(Task input)
== Segment start ==

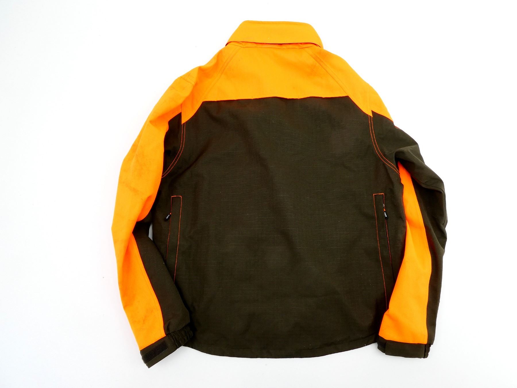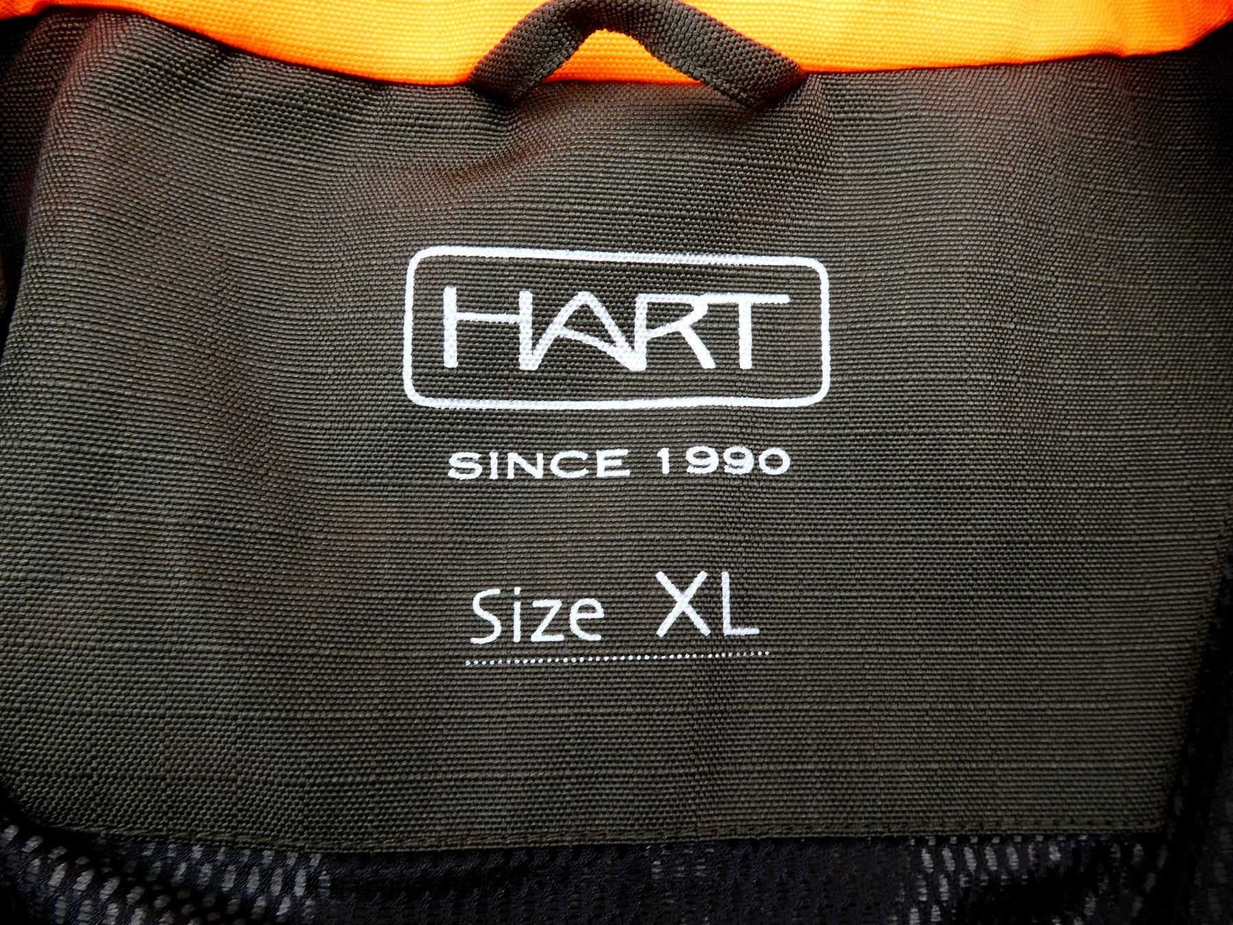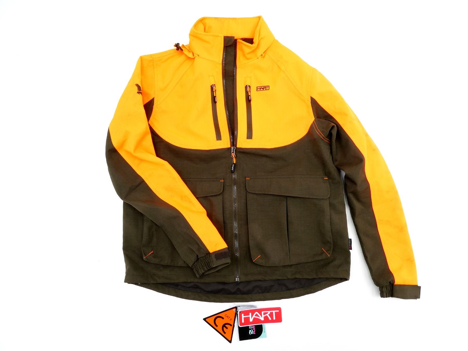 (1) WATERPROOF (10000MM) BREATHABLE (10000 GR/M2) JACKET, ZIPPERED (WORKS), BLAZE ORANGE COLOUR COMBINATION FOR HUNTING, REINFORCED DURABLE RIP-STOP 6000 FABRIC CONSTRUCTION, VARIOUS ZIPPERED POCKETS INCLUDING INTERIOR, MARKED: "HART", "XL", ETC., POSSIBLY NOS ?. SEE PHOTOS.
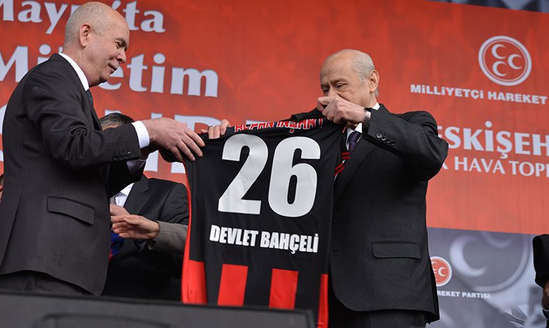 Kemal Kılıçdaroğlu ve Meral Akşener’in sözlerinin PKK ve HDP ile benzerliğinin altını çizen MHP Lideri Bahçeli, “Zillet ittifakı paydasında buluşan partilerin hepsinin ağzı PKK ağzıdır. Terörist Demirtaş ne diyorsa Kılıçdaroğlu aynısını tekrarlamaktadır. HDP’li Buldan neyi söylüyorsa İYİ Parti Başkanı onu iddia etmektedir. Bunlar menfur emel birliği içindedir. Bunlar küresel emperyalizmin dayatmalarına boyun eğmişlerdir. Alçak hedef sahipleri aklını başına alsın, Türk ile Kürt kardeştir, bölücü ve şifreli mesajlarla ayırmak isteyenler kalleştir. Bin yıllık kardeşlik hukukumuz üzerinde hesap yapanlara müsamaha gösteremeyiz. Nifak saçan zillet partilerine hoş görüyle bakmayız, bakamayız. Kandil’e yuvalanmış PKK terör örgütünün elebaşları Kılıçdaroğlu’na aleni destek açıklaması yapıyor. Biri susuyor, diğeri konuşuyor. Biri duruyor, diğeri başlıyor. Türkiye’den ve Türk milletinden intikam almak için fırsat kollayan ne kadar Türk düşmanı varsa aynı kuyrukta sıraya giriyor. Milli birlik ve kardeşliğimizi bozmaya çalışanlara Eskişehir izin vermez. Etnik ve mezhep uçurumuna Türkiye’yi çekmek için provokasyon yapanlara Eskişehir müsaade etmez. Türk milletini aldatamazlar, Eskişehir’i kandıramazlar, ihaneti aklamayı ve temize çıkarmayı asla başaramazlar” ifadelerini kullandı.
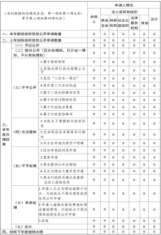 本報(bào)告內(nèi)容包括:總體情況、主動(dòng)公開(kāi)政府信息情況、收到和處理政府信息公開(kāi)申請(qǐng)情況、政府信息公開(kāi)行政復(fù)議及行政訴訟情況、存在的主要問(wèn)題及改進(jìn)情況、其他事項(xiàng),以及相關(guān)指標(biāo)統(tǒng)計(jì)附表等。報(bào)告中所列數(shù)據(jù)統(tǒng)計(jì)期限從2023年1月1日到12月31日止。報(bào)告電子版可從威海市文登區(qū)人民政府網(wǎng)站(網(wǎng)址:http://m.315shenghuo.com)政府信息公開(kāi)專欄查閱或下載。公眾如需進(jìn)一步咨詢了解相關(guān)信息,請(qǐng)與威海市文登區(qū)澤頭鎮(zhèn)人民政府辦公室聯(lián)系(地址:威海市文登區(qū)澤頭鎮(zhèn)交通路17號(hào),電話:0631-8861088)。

== Segment end ==
== Segment start ==

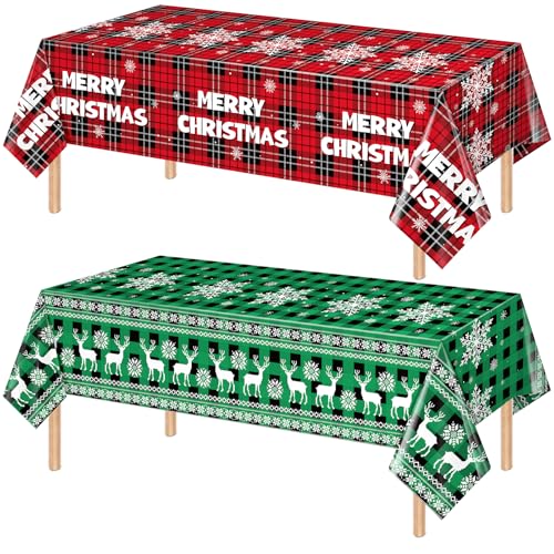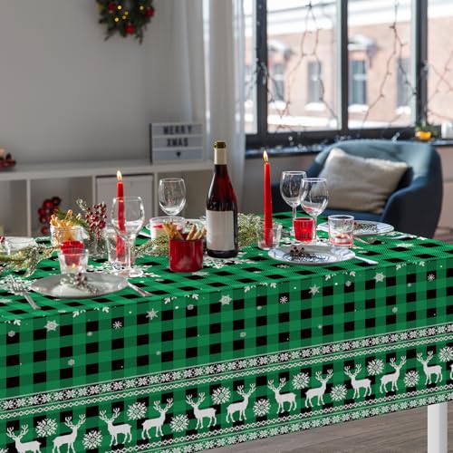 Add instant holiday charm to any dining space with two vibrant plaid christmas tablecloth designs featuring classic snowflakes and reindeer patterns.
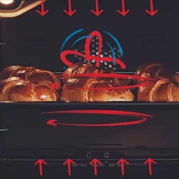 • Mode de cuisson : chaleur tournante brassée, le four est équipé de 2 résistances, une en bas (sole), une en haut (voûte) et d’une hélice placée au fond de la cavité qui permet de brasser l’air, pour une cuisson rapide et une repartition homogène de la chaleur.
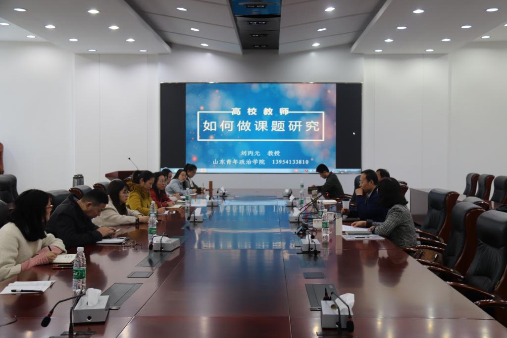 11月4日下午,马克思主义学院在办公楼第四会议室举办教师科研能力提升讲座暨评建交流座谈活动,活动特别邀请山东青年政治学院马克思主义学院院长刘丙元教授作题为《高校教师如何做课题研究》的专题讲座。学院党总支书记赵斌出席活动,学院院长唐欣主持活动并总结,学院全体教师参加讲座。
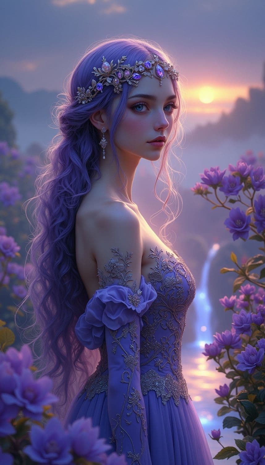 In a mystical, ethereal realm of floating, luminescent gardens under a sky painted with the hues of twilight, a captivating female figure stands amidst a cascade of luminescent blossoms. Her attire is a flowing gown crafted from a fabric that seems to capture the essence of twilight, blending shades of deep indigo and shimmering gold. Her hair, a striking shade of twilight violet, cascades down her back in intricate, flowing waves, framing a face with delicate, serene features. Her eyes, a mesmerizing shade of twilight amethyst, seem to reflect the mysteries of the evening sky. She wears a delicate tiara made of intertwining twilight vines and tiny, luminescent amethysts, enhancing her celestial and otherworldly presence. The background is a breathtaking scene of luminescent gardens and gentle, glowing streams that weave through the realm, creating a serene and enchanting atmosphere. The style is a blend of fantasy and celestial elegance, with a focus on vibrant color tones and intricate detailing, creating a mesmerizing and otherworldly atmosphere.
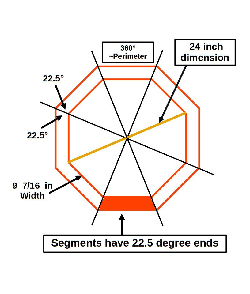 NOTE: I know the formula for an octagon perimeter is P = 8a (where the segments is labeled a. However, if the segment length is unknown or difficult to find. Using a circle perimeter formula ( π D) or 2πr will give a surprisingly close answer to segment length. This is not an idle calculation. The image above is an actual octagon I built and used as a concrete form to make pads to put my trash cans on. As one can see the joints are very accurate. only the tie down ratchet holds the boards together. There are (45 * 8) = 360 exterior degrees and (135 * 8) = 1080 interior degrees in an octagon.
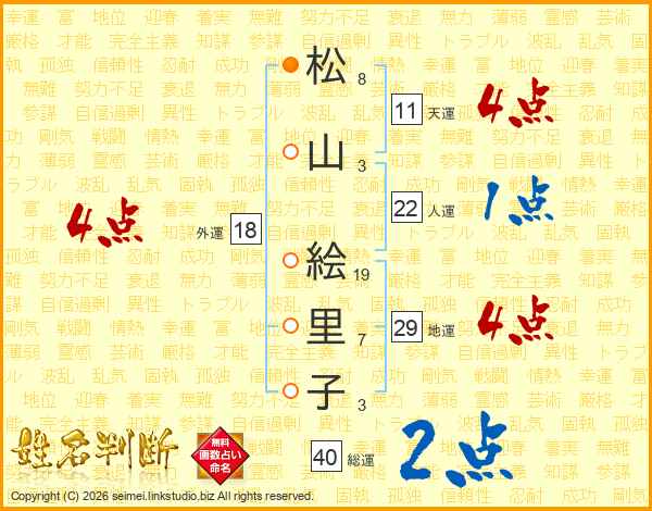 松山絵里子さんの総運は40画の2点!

== Segment end ==

(What is needed)
Beginning at the line that has "de la chaleur." and ending at the line that has "11月4日下午,马克思主义学", restate the listing above word for word, pictures left out.

(Response to this task)
 • Mode de cuisson : chaleur tournante brassée, le four est équipé de 2 résistances, une en bas (sole), une en haut (voûte) et d’une hélice placée au fond de la cavité qui permet de brasser l’air, pour une cuisson rapide et une repartition homogène de la chaleur.
 11月4日下午,马克思主义学院在办公楼第四会议室举办教师科研能力提升讲座暨评建交流座谈活动,活动特别邀请山东青年政治学院马克思主义学院院长刘丙元教授作题为《高校教师如何做课题研究》的专题讲座。学院党总支书记赵斌出席活动,学院院长唐欣主持活动并总结,学院全体教师参加讲座。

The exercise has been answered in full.